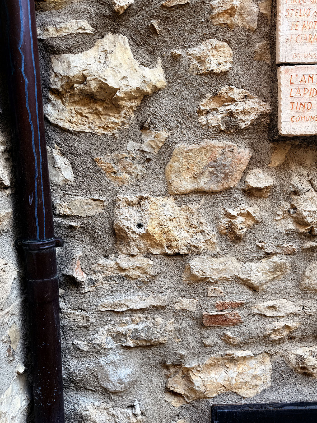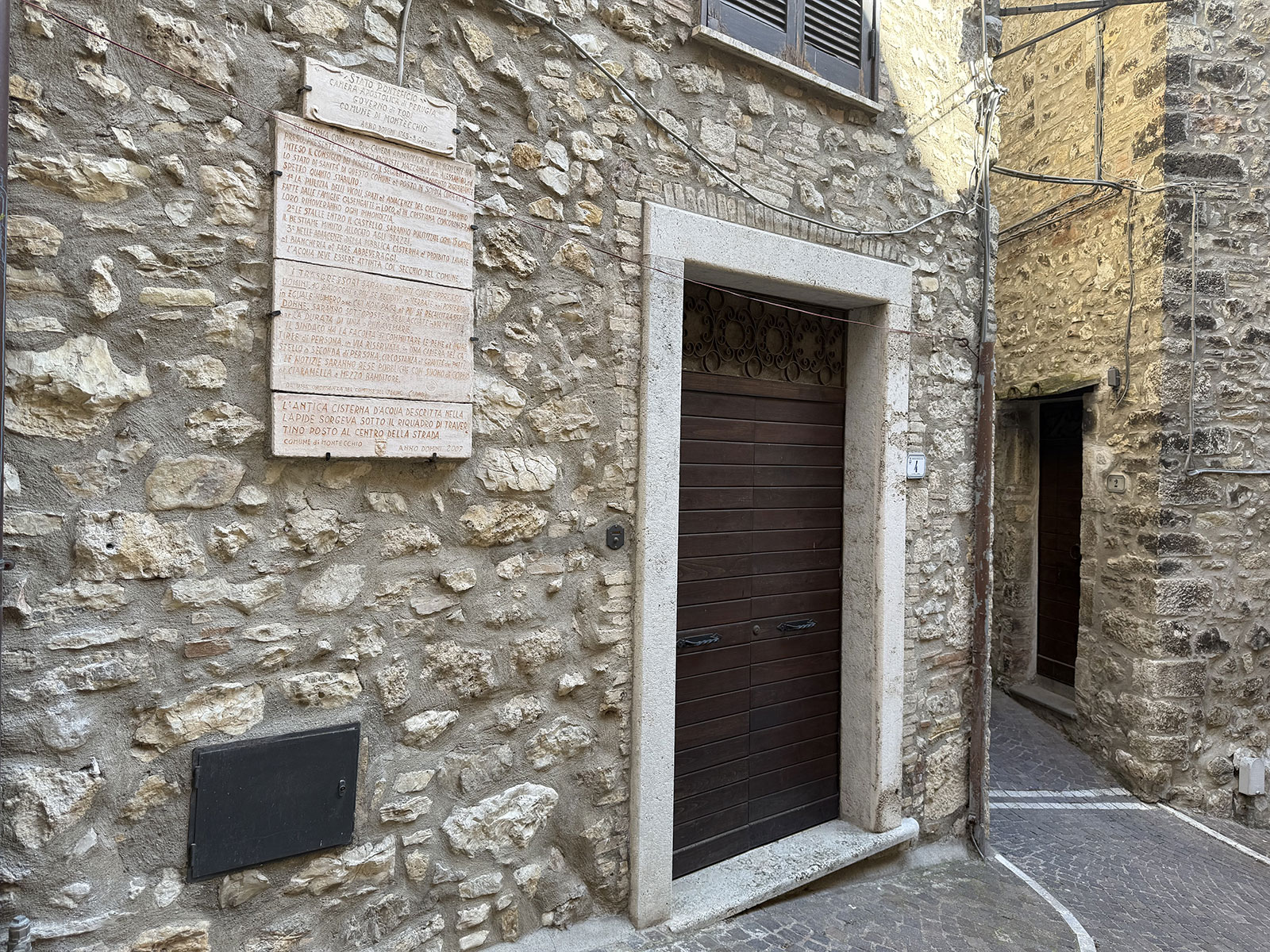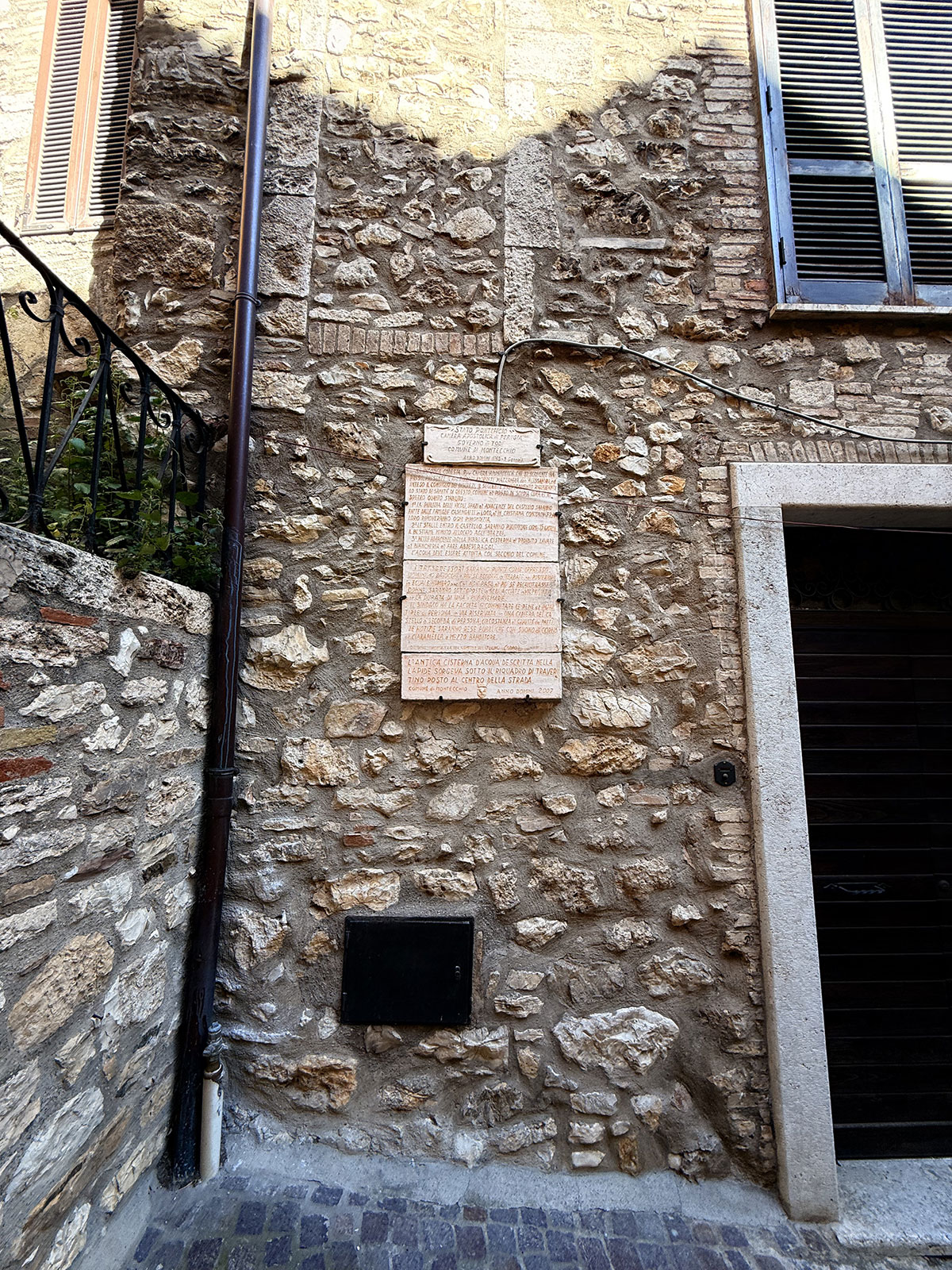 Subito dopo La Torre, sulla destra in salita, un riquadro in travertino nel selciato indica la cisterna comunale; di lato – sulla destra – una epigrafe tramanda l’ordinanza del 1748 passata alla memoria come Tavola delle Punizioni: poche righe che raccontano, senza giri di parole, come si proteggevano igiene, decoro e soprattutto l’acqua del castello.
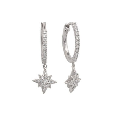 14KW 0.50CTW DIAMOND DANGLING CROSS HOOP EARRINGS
--
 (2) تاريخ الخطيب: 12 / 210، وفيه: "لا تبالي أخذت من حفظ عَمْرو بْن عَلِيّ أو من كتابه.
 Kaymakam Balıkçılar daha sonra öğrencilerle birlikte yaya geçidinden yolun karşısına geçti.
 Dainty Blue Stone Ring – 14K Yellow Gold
* * *
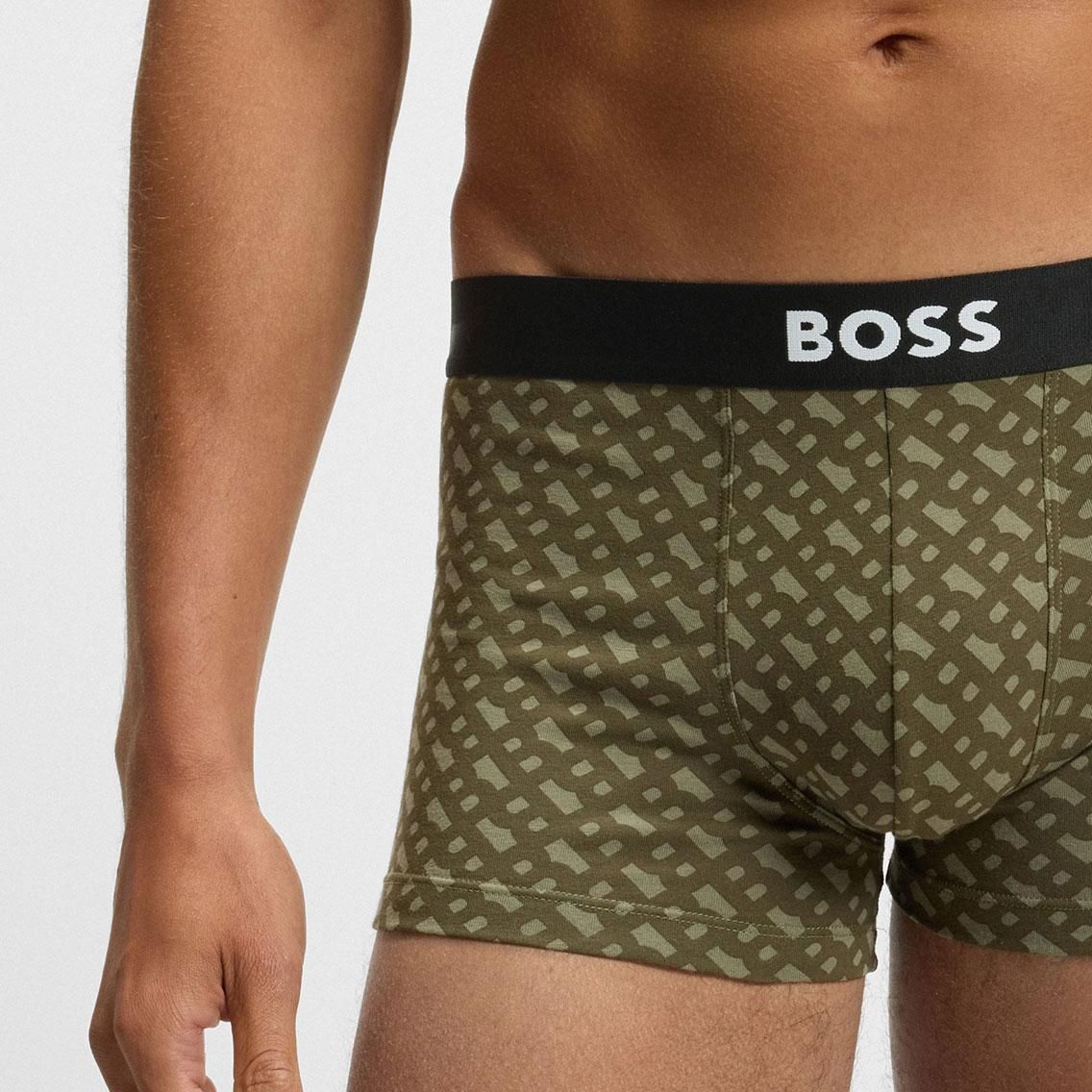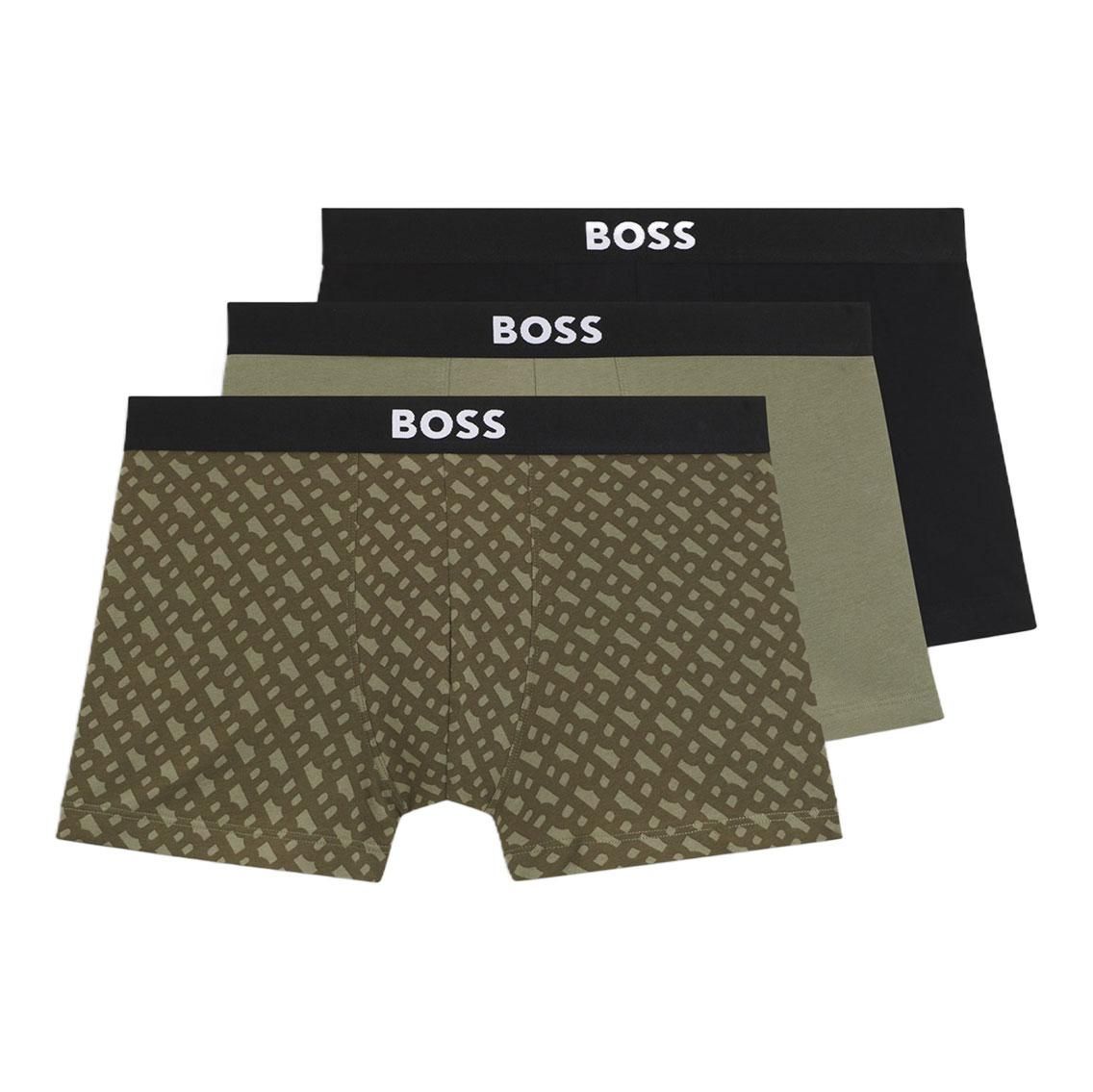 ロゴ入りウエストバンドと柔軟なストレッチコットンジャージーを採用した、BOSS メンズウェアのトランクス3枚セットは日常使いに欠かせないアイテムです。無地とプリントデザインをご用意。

Try it:
Please output exactly the lines between the one holding "Kaymakam Balıkçılar daha" and the one holding "Dainty Blue Stone Ring – 14K Yellow Gold" in the records above, inclusive, and nothing more.

Problem solution:
 Kaymakam Balıkçılar daha sonra öğrencilerle birlikte yaya geçidinden yolun karşısına geçti.
 Dainty Blue Stone Ring – 14K Yellow Gold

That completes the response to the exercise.